# DATASET EXCERPT
-- Opening Marker --
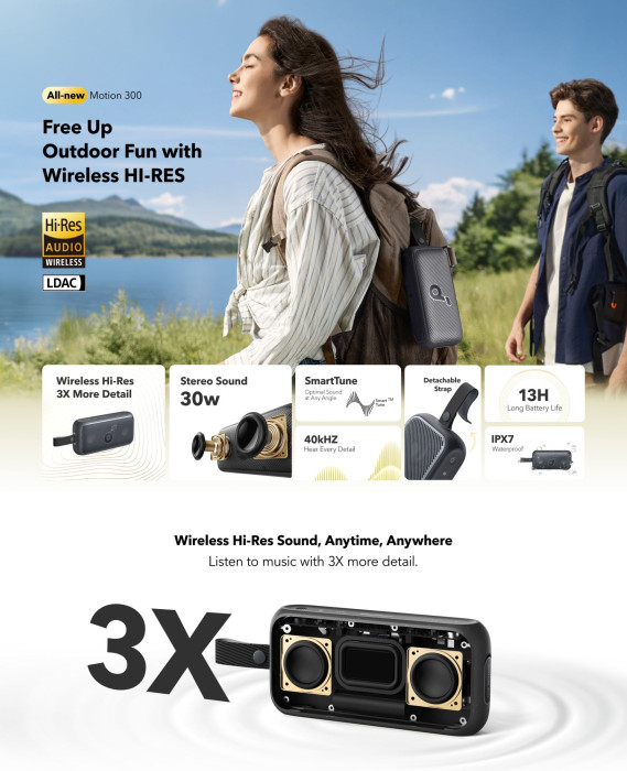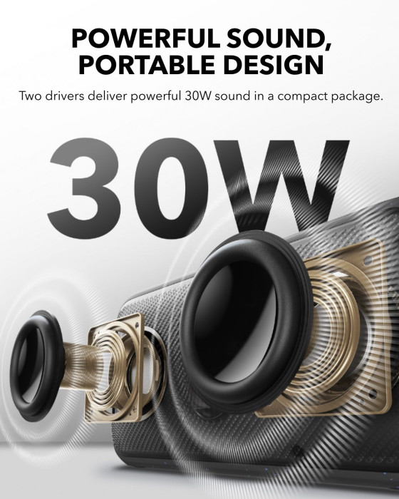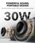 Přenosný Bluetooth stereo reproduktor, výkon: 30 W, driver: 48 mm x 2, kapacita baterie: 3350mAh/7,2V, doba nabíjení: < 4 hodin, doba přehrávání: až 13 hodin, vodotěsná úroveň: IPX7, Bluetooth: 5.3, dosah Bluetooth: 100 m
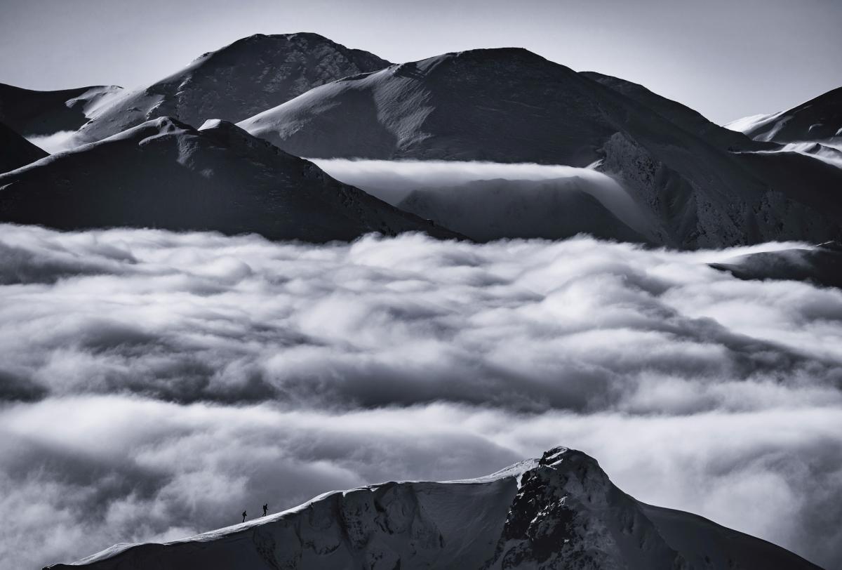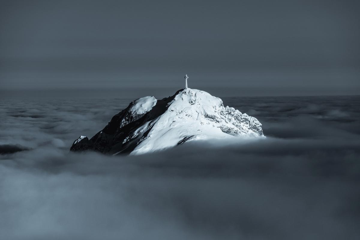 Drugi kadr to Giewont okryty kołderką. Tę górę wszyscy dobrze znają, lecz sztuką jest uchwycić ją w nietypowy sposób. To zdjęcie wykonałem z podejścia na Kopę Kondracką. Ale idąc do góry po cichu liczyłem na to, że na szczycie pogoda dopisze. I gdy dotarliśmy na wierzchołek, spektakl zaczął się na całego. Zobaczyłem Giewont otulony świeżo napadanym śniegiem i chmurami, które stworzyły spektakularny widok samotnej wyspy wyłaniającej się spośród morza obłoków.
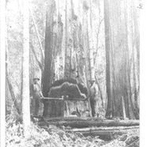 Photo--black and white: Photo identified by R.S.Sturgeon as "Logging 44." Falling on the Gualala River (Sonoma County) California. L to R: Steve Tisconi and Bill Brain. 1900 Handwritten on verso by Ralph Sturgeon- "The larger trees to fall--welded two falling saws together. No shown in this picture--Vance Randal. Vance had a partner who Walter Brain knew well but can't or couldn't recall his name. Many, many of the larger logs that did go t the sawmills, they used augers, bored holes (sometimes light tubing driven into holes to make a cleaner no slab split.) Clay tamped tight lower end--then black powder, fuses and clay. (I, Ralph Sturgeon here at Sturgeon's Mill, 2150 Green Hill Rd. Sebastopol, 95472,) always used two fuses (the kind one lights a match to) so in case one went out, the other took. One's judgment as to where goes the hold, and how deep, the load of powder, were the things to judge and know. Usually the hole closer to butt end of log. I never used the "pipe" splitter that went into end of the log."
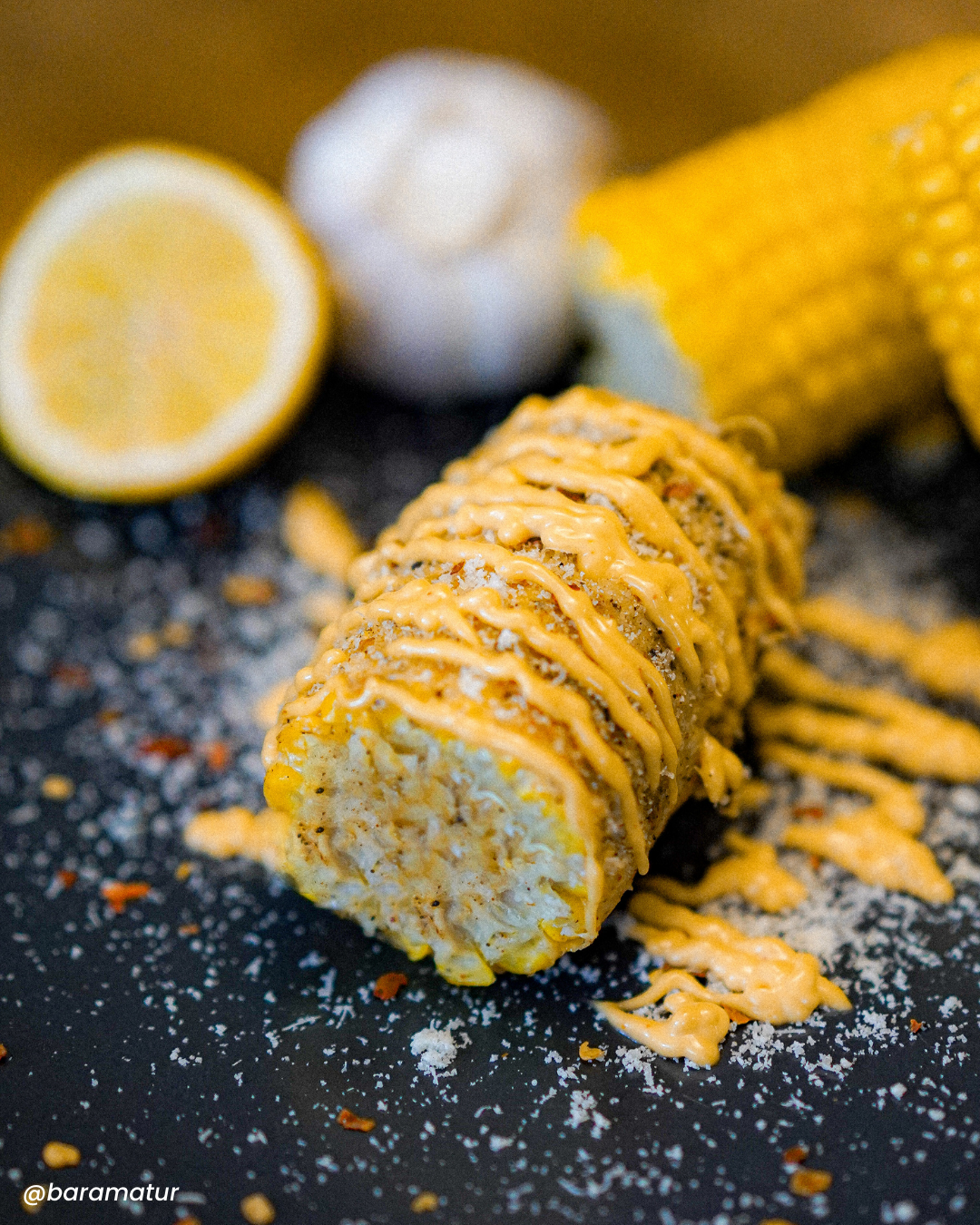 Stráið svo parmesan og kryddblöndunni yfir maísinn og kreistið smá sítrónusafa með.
-- Closing Marker --
# PROMPT
Copy the data in full. No pictures belong in the copy.

# RESULT BELOW
 Přenosný Bluetooth stereo reproduktor, výkon: 30 W, driver: 48 mm x 2, kapacita baterie: 3350mAh/7,2V, doba nabíjení: < 4 hodin, doba přehrávání: až 13 hodin, vodotěsná úroveň: IPX7, Bluetooth: 5.3, dosah Bluetooth: 100 m
 Drugi kadr to Giewont okryty kołderką. Tę górę wszyscy dobrze znają, lecz sztuką jest uchwycić ją w nietypowy sposób. To zdjęcie wykonałem z podejścia na Kopę Kondracką. Ale idąc do góry po cichu liczyłem na to, że na szczycie pogoda dopisze. I gdy dotarliśmy na wierzchołek, spektakl zaczął się na całego. Zobaczyłem Giewont otulony świeżo napadanym śniegiem i chmurami, które stworzyły spektakularny widok samotnej wyspy wyłaniającej się spośród morza obłoków.
 Photo--black and white: Photo identified by R.S.Sturgeon as "Logging 44." Falling on the Gualala River (Sonoma County) California. L to R: Steve Tisconi and Bill Brain. 1900 Handwritten on verso by Ralph Sturgeon- "The larger trees to fall--welded two falling saws together. No shown in this picture--Vance Randal. Vance had a partner who Walter Brain knew well but can't or couldn't recall his name. Many, many of the larger logs that did go t the sawmills, they used augers, bored holes (sometimes light tubing driven into holes to make a cleaner no slab split.) Clay tamped tight lower end--then black powder, fuses and clay. (I, Ralph Sturgeon here at Sturgeon's Mill, 2150 Green Hill Rd. Sebastopol, 95472,) always used two fuses (the kind one lights a match to) so in case one went out, the other took. One's judgment as to where goes the hold, and how deep, the load of powder, were the things to judge and know. Usually the hole closer to butt end of log. I never used the "pipe" splitter that went into end of the log."
 Stráið svo parmesan og kryddblöndunni yfir maísinn og kreistið smá sítrónusafa með.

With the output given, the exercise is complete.